Connection_Read_Timeout
The Connection_Read_Timeout parameter allows you to control how long the client waits when reading data from the CipherTrust Manager before determining that it is down. Requests should only time out if the CipherTrust Manager is physically down (for example, powered off or not responding because of misconfiguration).
| Possible Settings | Description |
|---|---|
| 0 | Disables this setting. The client waits indefinitely until the CipherTrust Manager can be reached. Requests remain outstanding until the client’s request is successfully satisfied. |
| Any positive integer | The default value is 7000ms. |
The purpose of this parameter is to control how you want the client to react when the CipherTrust Manager is down. If you want it to time out eventually and return an error back to your application, then you should set this value to an appropriate number of milliseconds to allow for requests to complete in high load and high latency situations.
Connection_Idle_Timeout
The Connection_Idle_Timeout parameter specifies the amount of time connections in the connection pool can remain idle before the client closes them.
| Possible Settings | Description |
|---|---|
| Any positive integer | The default value is 600000ms (10 minutes) |
Connection_Retry_Interval
The Connection_Retry_Interval parameter determines how long the client waits before trying to reconnect to a disabled server. If one of the CipherTrust Manager appliances in a load balanced configuration is not reachable, the client assumes that the server is down, and then waits for the specified time period before trying to connect to it again.
| Possible Settings | Description |
|---|---|
| 0 | This is the infinite retry interval. Once a server gets disabled, it will be brought back into use only after all the servers become disabled. |
| Any positive integer | The default value is 600000ms (10 minutes) |
Cluster_Synchronization_Delay
The Cluster_Synchronization_Delay parameter specifies how long the client will wait before assuming that the key changes have been synchronized throughout a cluster. After creating, cloning, importing, or modifying a key, continue to use the same CipherTrust Manager appliance until the end of this delay period.

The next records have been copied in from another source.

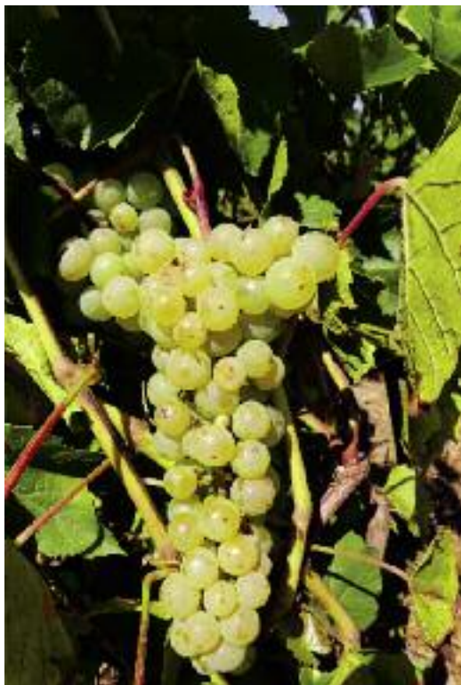
Aurora – odmiana wyhodowana we Francji, zaliczana do grupy mieszańców międzygatunkowych

kości w obrębie rodzaju. Najważniejsze cechy form należących do tego gatunku to: skórka jagód zrośnięta z miąższem, liście na planie pięciokąta, krzewy wrażliwe na choroby grzybowe, filokserę i mróz. Do lat 60-tych XIX stulecia w Europie (także w Polsce) uprawiano wyłącznie winorośl właściwą. Obecnie w naszym kraju są bardziej rozpowszechnione mieszańce międzygatunkowe o lepszej tolerancji na choroby grzybowe i mróz niż winorośl właściwa.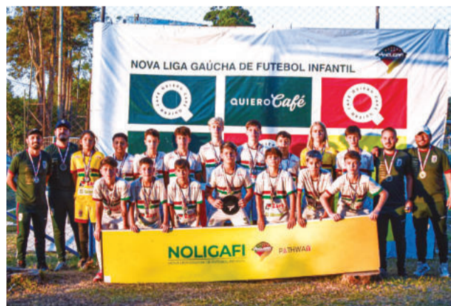
Sub-13 foi vice no Estadual

dezembro, todas as categorias entram agora em período de preparação, que visa os torneios de verão do mês de janeiro, entre eles, a tradicional Copa Teutô-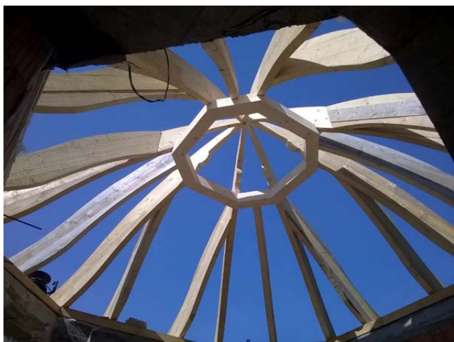
Kupolaváz bentről

bújtassák. Gondoljunk a barlanglakásokra, amelyek nem a természet hozott létre, hanem az ember vájta ki a hegyoldalból. Ebben az esetben ökológiai és takarékosági szempontok vezették a tervezőt. Az épületet körülvevő föld egyszerre tartálya és védelmezője a növényeknek, természetes hang- és hőszigetelő képességgel rendelkezik. A lakás fenntartása alacsony költségekkel jár. Az idős nagyszülők számára minden évszakban közel egyenletes hőmérsékletű teret biztosít: nyáron kellemesen hűvös, a téli hidegebb éjszakák során pedig a föld melegét is felhasználja, így takarékos. Ebben a lakrészben a hálószobát helyezték el. A már meglévő lakóépület tornáca és az új Jurta-barlang sziklakertje a család és vendégei számára egy árnyas, kiülő helyet biztosító szőlő- és rózsalugassal fog kiteljesedni, így kertészeti eszközökkel is szerves egységbe foglalja a létesítményeket.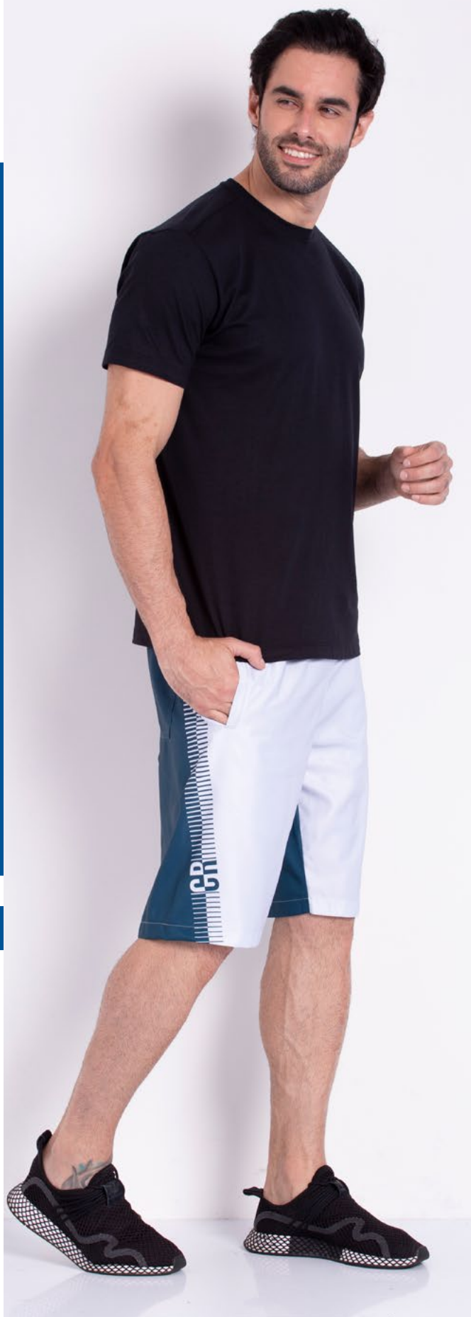
Camiseta Tradicional Malha 100% Algodão Tam.: 4 ao S8 Ref.: 1220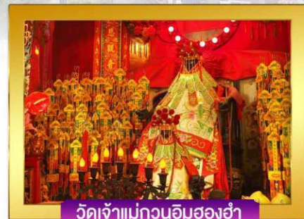
วัดเจ้าแม่กวนอิมสองฮ่า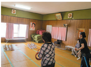
▲輪投げ体験! 意外と難しい・・・

「新地下花の会」は、毎月第3水曜日に吉沼の新地下町公民館で活動しています。活動内容は、シニア向けの講話や輪投げ大会、健康体操教室(年4回)、お楽しみ食事会、カラオケ、昔遊び、ゲーム、季節イベント等を行っています。現在は、ボランティアを含めて18名の会員がおり、60代から90代まで幅広く、おしゃべりや体操、食事会等の楽しい時間を過ごしています。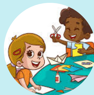
Attività ludico creative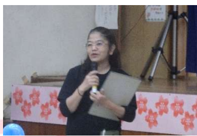
中央公民館利用団体連絡協議会 奥平会長あいさつ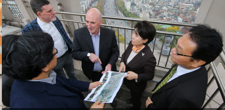
2016 양재-한남 경부 고속도로 지하화 국제컨퍼런스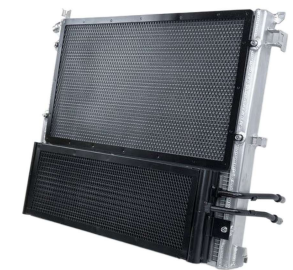
ヒートエクスチェンジャー + ミッションオイルクーラー #8331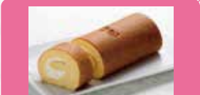
【鎌倉ニュージャーマン】 かまくらロール かまくらカスターのスポンジ生地で巻き上げたロールケーキです。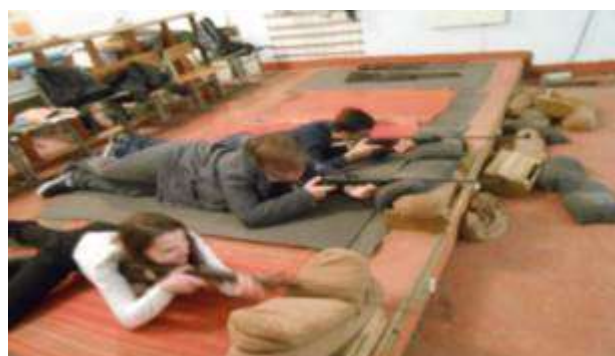
Тренировка меткости стрельбы в школьном тире.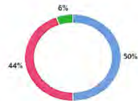
Gráfico 4. Grado de satisfacción de los participantes del curso-taller Primer respondiente en primero auxilios . (grupo 23 octubre)

1. ¿Cuál es tu grado de satisfacción con los conocimientos que adquiriste en el curso?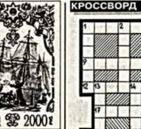
задание регулярной армии и флота.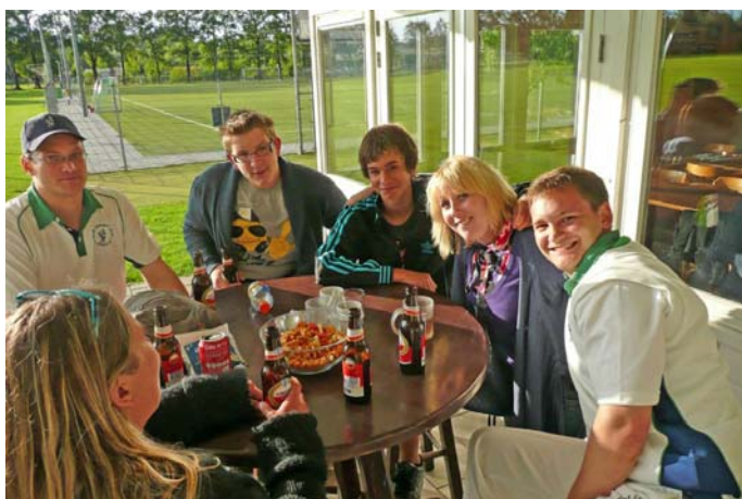
Na de wedstrijd was het erg gezellig. Hier wachten spelers, partners en kinderen op het heerlijke Indisch eten van onze sponsor Bombay Spice. Er was een lopend buffet met heerlijke gerechten. Iedereen heeft gesmuld!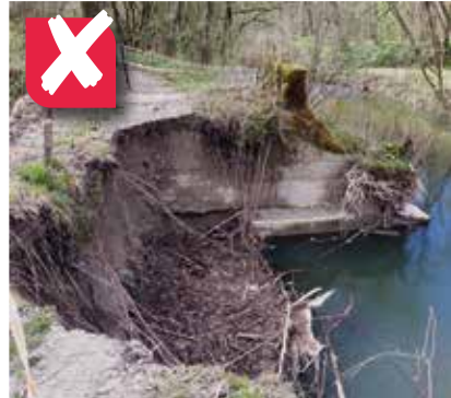
NON , c'est au propriétaire de payer la remise en état de son sentier détruit par l'érosion de la rivière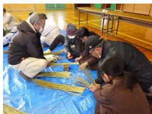
お正月お飾り作り(5年生)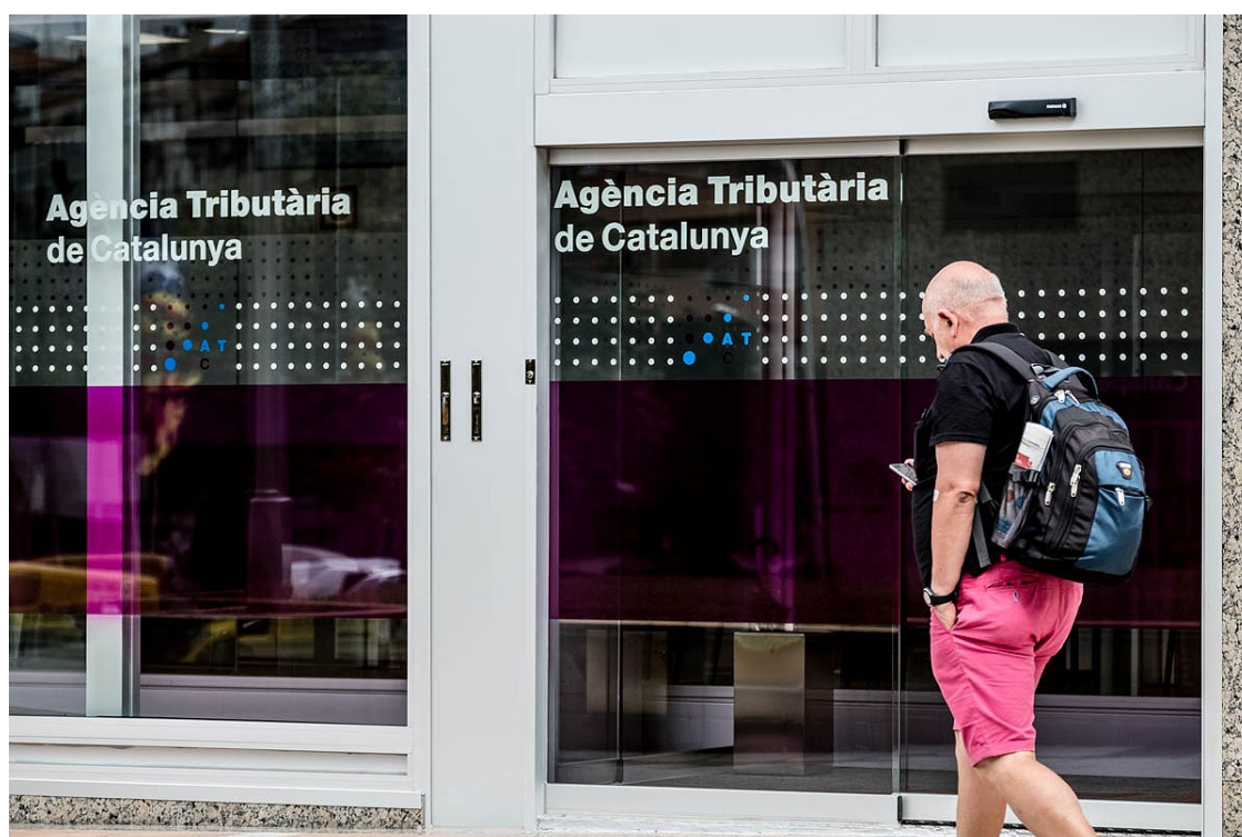
Oficina de l'Agència Tributària de Catalunya. | Adrià Costa

La Generalitat subratlla que la voluntat era fer aflorar actius no productius de les empreses i ja ha emprès mesures per analitzar quins béns segueixen ocults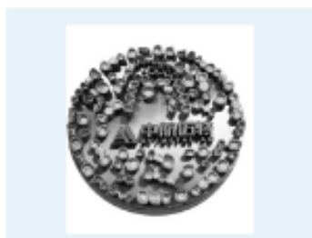
Coroane dentare (NiCr)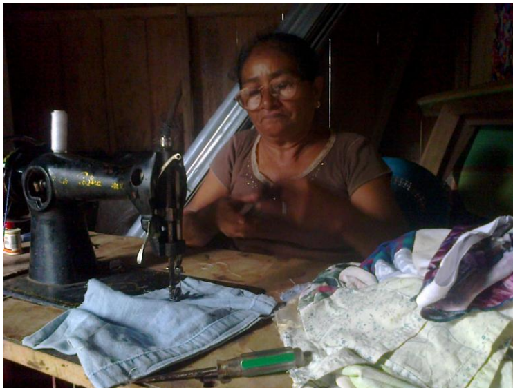
Mujer realizando costura, Foto tomada por Swann 2015

Las mujeres que trabajan fuera del hogar cumpliendo roles domésticos como medio de trabajo, también cumplen de igual manera con su trabajo doméstico en sus hogares, estos no son remunerados, ya que se les ha transmitido la cultura de cuidado del hogar.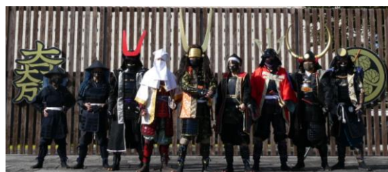
古戦場おもてなし武将隊関ヶ原組

今回、水野勝成 みずのかつなり の居城・刈谷城を拠点に活動する「刈谷城盛り上げ隊」、宇喜多秀家 うきたひでいえ の居城・岡山城を拠点に活動する「岡山戦国武将隊」を迎え、関ヶ原を拠点に活動する「古戦場おもてなし武将隊関ヶ原組」との交流演武を行います。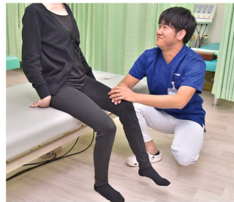
▲外出を控えられている方も、ご自宅で転倒予防・歩行リハビリを行えます。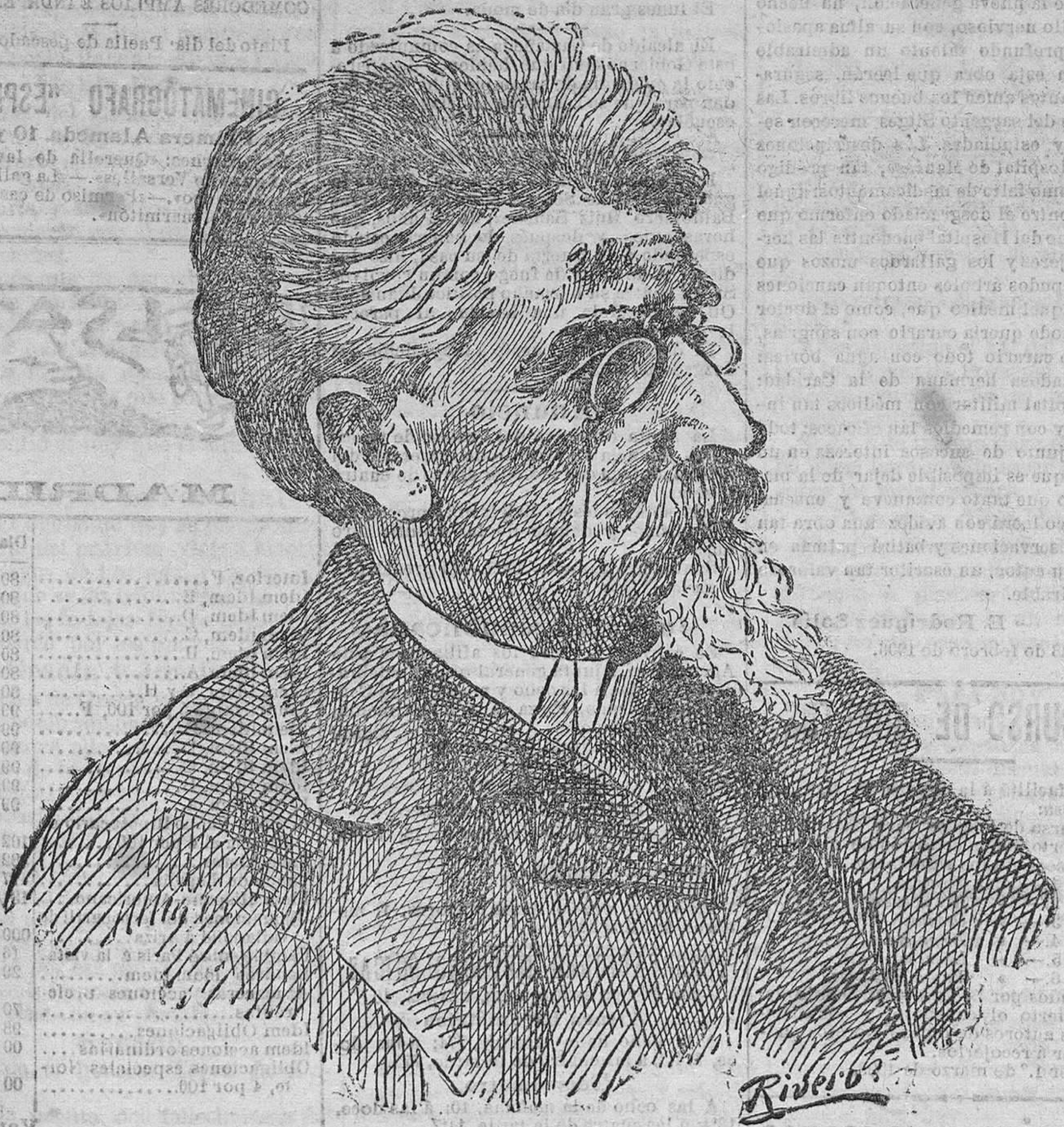
DON JOSÉ MARIA DE PEREDA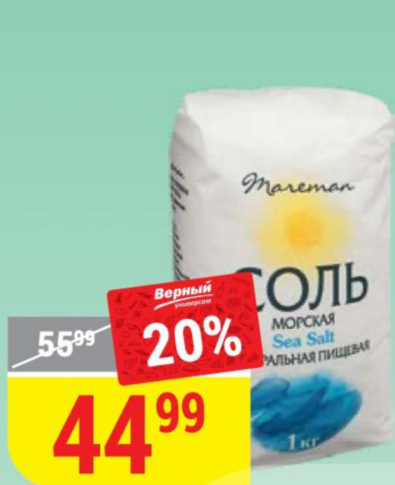
СОЛЬ МОРСКАЯ пищевая, помол №1, Mareman, 1 кг 151277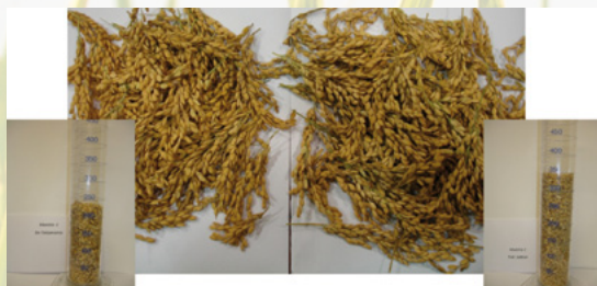
Muestra 2, sin Isabión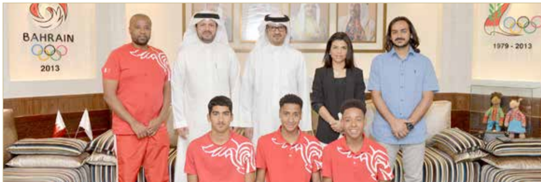
النصف يتوسط منتخب الترايثلون

مساندة للاتحاد، مؤكداً أن هذا الإنجاز ثمرة لما توفره اللجنة الأولمبية من دعم للاتحادات لتحقيق أفضل النتائج والمستويات، متمنياً أن تستمر إنجازات الترايثلون لتكون واجهة مشرفة لمملكة البحرين بمختلف المحافل الخارجية.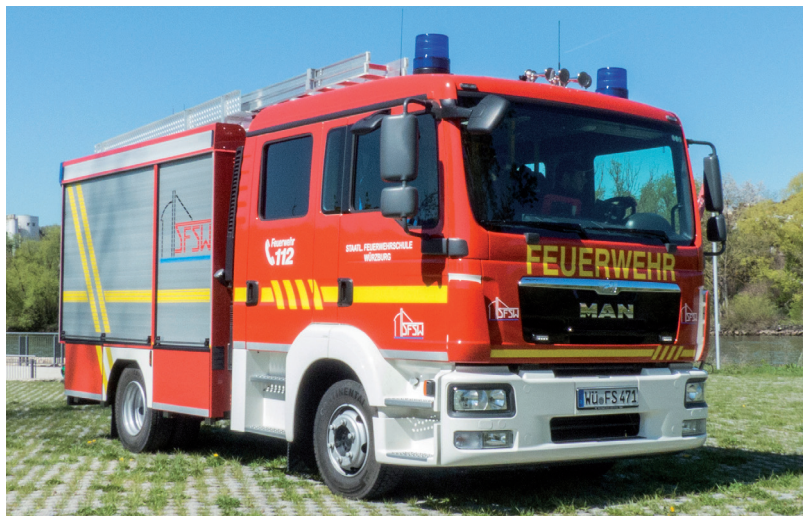
Mittleres Löschfahrzeug MLF

Sonderlöschfahrzeuge sind Feuerwehrfahrzeuge mit für die Brandbekämpfung spezieller Ausrüstung mit oder ohne speziellem Löschmittel, z. B. Trockentanklöschfahrzeug (TroTLF), Trockenlöschfahrzeug (TroLF). Hubrettungsfahrzeuge nach DIN EN 1846 sind Feuerwehrfahrzeuge, die mit einer Drehleiter oder einer Hubarbeitsbühne ausgerüstet sind.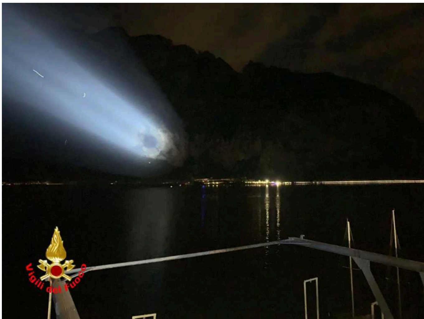
Vigili del Fuoco, luce fotoelettrica dal Moregallo al san Martino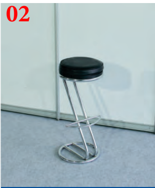
02 Стул барный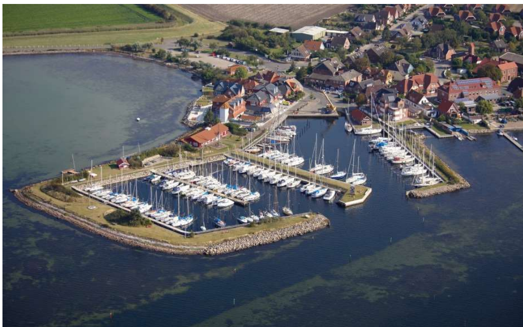
Abbildung 1 / Lemkenhafen einer der schönsten Häfen an der Ostsee

E-Mail : ostsee@if-boot.de Tel. : +49 171 6223251 IF-Boot : Muffe Segel-Nr. : GER 1788 Rufzeichen: DJ7673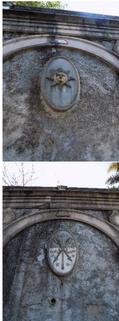
Figura 39. Escudos de Salta y Santa Fe (Argentina).

Con unos bancos de piedra rodeados de árboles y una entrada a la gruta en la parte norte, finaliza este nivel.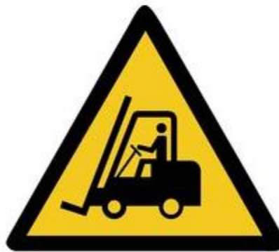
W014 Warnung vor Flurförderzeugen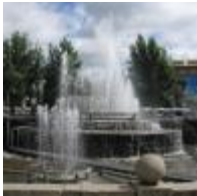
Фонтан-каскад в Первомайском сквере

«За благоустройство города. Горзеленстрой в этом году должен закончить работы по озеленению в Первомайском сквере. Здесь будет проведён водопровод и сооружён фонтан-каскад. Над проектом последнего работает архитектор-художник т. Тейтель».

| Possible Settings | Description |
|---|---|
| 0 | Disables the function |
| Any positive integer | The default value is 100s. A higher value is recommended for large clusters. |
For example, the client sets Cluster_Synchronization_Delay to 100s and sends a key creation request to appliance A, which is part of a cluster. Appliance A creates the key and automatically synchronizes with rest of the clusters. The client will use only appliance A for 100 seconds–enough time for the cluster synchronization to complete. After this time period, the client will use other cluster members as before.
Cipherspec
This parameter specifies which SSL/TLS protocol and encryption algorithms to use. Multiple cipher strings can be separated by colons. For example, the valueTLS_AES_256_GCM_SHA384:TLS_CHACHA20_POLY1305_SHA256:TLS_AES_128_GCM_SHA256:ECDHE-RSA-AES128-GCM-SHA256:ECDHE-RSA-AES128-SHA256:ECDHE-RSA-AES128-SHA:ECDHE-RSA-AES256-GCMSHA384:ECDHE-RSA-AES256-SHA384:ECDHE-RSA-AES256-SHA:AES128-GCM-SHA256:AES128-SHA256:AES128- SHA:AES256-GCM-SHA384:AES256-SHA256:AES256-SHA:ECDHE-RSA-DES-CBC3-SHA:DES-CBC3-SHA
specifies TLS 1.2 and TLS 1.3 high strength ciphers.
Here,
TLS 1.2 ciphers are - ECDHE-RSA-AES128-GCM-SHA256:ECDHE-RSA-AES128-SHA256:ECDHE-RSA-AES128-SHA:ECDHE-RSA-AES256-GCM-SHA384:ECDHE-RSA-AES256-SHA384:ECDHE-RSA-AES256-SHA:AES128-GCM-SHA256:AES128-SHA256:AES128-SHA:AES256-GCM-SHA384:AES256-SHA256:AES256-SHA
AND
TLS 1.3 ciphers are - TLS_AES_256_GCM_SHA384:TLS_CHACHA20_POLY1305_SHA256:TLS_AES_128_GCM_SHA256.
If TLS 1.3 cipher is not provided then the ciphers - TLS_AES_256_GCM_SHA384:TLS_CHACHA20_POLY1305_SHA256:TLS_AES_128_GCM_SHA256 gets enabled by default. So to use TLS 1.2, you can disable TLS 1.3 protocol at CM. Refer to Modify TLS version of an interface.
Note
The default entry is commented out in the properties file as this parameter is compiled into the client library. You should modify this parameter only if you prefer to use some other combination of algorithms and protocols.
Modifying this parameter overrides the value in the library.
It is recommended to use TLS ciphers offered by the CipherTrust Manager appliance. If you specify some value other than the default, you must use ECDHE for key exchange.
CA_File
The CA_File parameter refers to the CA certificate that was used to sign the server certificate presented by the NAE Server to the client.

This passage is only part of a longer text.